Take the material below and extract the lines from the one with "達(dá)州市城鎮(zhèn" through the one with "贵州省农村信用合作社定期定额存单(贰拾元)", word for word, without pictures.

→ SOURCE INFORMATION:
········
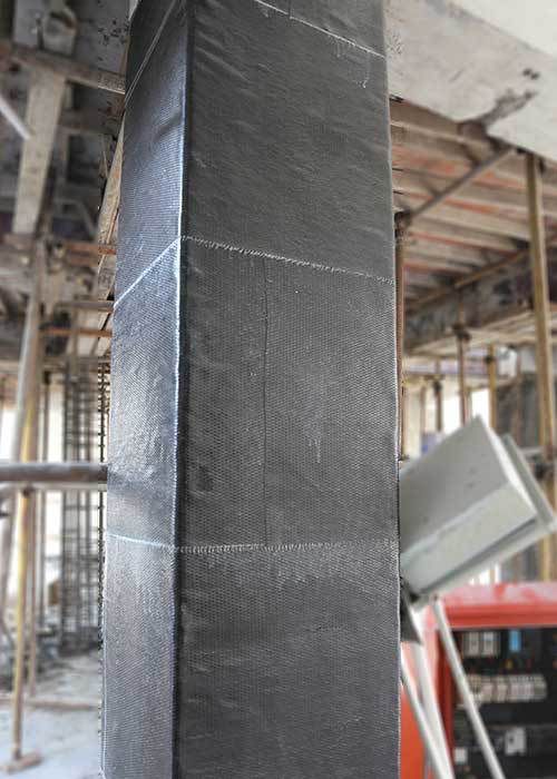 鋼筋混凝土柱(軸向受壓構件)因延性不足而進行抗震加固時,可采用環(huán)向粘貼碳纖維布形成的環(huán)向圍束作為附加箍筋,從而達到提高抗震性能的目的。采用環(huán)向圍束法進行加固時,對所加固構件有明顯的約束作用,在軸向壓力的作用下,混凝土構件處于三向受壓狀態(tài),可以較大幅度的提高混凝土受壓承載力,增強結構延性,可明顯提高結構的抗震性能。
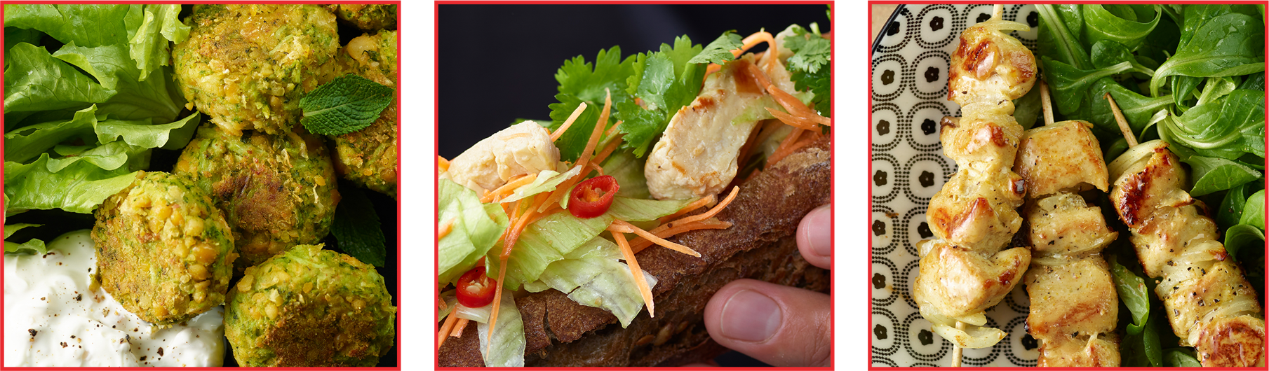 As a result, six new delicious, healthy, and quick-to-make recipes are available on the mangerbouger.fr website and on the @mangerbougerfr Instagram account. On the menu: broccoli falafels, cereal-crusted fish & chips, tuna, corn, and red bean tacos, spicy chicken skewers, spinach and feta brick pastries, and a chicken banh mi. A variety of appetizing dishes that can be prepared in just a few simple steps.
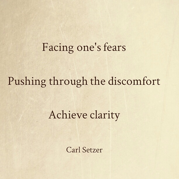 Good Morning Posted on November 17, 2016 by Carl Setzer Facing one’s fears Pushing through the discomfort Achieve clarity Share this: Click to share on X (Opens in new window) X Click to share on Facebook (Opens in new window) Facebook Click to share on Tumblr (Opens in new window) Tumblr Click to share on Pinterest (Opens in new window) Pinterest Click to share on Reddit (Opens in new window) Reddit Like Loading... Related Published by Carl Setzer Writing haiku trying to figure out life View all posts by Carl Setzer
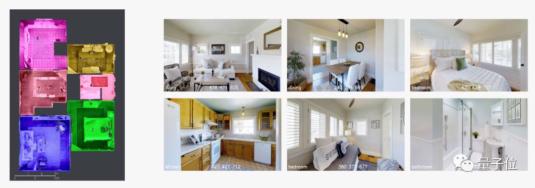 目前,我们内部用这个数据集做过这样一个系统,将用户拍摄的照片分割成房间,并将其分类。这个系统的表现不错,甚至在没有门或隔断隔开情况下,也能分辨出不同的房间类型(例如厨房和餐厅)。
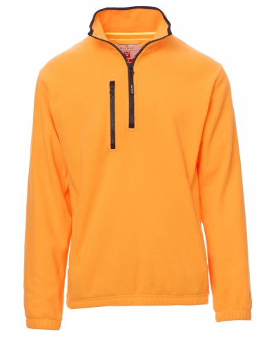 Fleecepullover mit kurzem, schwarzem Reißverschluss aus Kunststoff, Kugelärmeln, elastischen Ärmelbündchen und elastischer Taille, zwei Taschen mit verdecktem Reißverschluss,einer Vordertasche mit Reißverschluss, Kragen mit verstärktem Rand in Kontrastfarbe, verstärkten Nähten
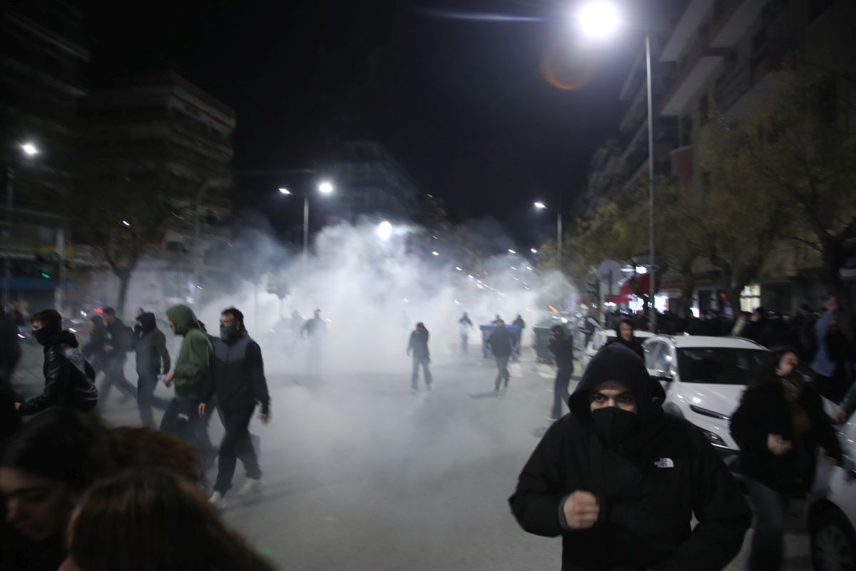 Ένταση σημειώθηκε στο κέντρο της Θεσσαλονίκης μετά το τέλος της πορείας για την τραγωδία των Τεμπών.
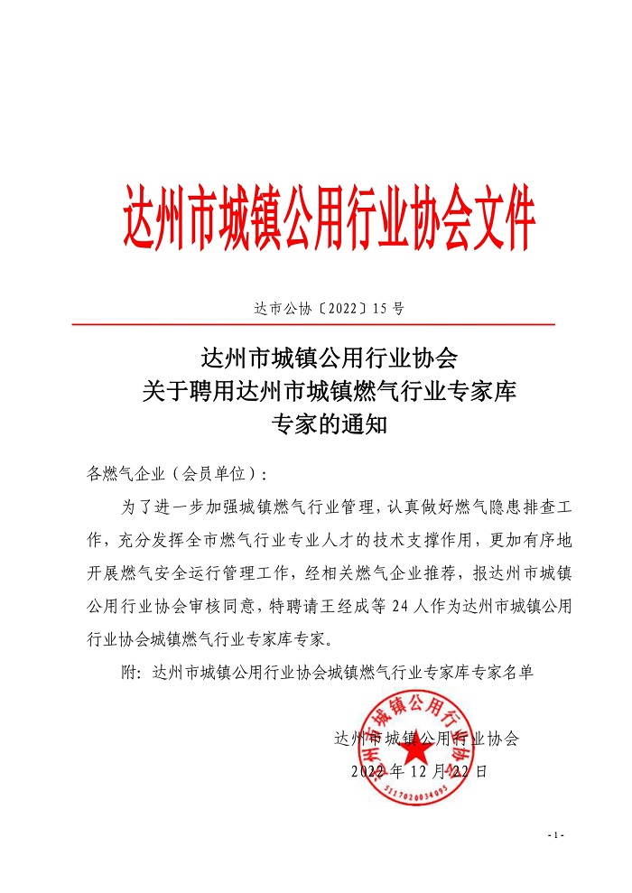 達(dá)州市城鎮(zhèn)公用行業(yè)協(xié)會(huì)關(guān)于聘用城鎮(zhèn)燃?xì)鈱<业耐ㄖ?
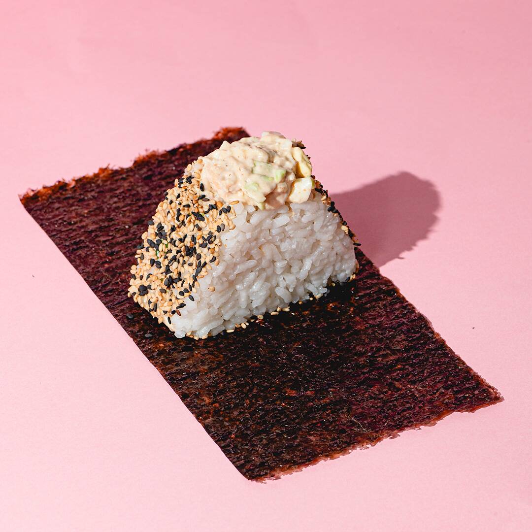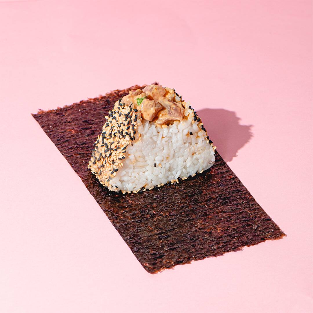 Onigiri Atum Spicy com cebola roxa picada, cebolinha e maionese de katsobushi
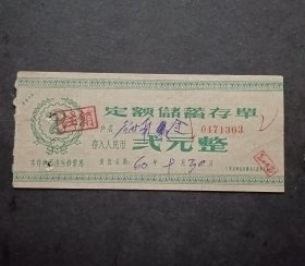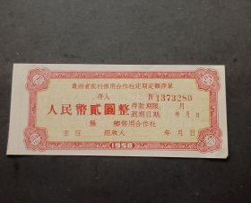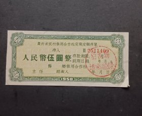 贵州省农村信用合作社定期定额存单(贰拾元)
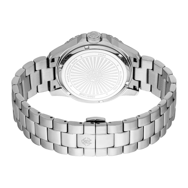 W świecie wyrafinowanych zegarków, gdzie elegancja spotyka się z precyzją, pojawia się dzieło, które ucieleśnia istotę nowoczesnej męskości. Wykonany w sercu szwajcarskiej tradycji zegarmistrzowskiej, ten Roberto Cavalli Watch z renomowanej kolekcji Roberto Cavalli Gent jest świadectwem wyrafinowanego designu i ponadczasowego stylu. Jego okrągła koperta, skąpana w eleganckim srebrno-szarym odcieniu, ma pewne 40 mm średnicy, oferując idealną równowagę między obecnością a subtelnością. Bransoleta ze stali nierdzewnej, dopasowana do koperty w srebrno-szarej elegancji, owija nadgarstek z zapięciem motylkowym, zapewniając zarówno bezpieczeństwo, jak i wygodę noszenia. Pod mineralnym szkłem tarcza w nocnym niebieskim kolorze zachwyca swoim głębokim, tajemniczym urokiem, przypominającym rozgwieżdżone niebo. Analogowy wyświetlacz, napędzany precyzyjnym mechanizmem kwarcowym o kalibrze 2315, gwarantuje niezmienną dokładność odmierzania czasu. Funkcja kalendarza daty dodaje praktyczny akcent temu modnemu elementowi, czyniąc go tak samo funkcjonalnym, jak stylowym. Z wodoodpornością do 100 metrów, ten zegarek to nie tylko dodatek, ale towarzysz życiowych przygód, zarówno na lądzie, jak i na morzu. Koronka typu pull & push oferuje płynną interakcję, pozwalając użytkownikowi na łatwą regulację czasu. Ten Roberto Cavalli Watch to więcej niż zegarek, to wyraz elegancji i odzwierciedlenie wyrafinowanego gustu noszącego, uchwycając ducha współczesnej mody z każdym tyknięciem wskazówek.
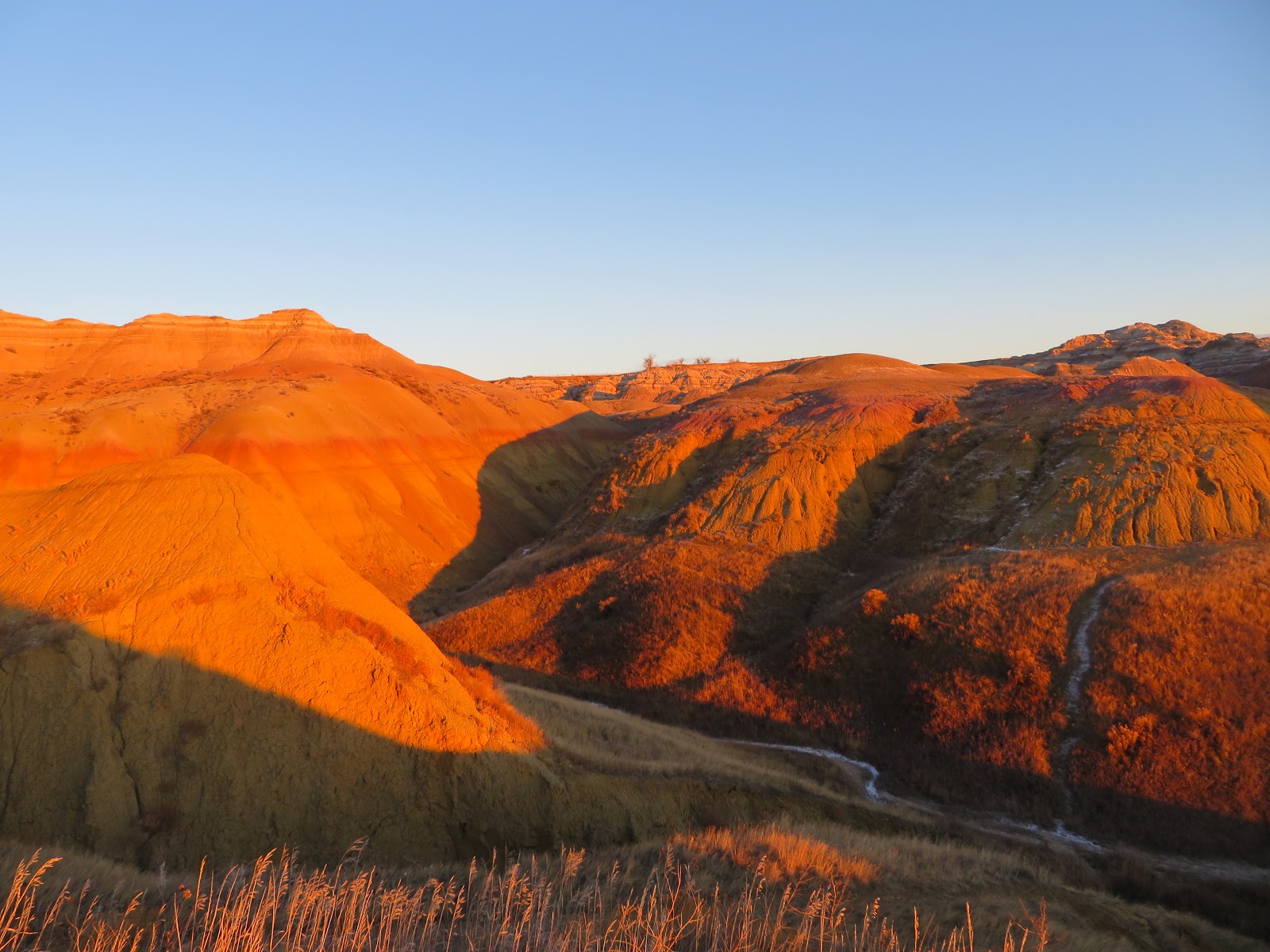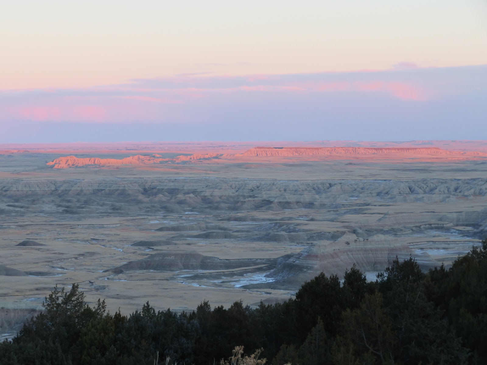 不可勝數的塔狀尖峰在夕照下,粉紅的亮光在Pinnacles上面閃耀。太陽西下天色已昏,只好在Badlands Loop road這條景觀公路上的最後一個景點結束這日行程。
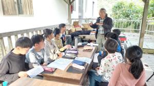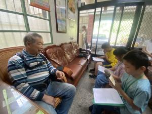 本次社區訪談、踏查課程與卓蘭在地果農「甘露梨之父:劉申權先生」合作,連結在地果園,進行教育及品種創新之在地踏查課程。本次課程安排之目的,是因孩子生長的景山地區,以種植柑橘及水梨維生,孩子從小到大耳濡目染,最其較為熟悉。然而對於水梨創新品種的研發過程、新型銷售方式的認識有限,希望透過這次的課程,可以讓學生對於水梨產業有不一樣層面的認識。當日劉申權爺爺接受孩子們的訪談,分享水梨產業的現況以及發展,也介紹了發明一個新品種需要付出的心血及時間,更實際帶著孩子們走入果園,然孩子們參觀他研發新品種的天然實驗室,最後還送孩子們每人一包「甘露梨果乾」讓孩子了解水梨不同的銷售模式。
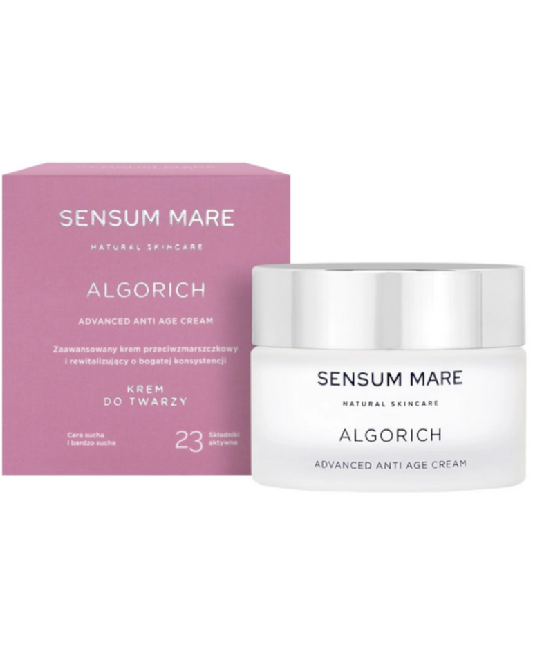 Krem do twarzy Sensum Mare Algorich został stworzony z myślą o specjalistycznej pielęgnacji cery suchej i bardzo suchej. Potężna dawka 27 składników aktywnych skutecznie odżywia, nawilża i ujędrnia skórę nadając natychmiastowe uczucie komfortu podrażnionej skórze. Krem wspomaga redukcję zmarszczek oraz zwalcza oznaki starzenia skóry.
········
→ WRITTEN RESPONSE:
 達(dá)州市城鎮(zhèn)公用行業(yè)協(xié)會(huì)關(guān)于聘用城鎮(zhèn)燃?xì)鈱<业耐ㄖ?
 Onigiri Atum Spicy com cebola roxa picada, cebolinha e maionese de katsobushi
 贵州省农村信用合作社定期定额存单(贰拾元)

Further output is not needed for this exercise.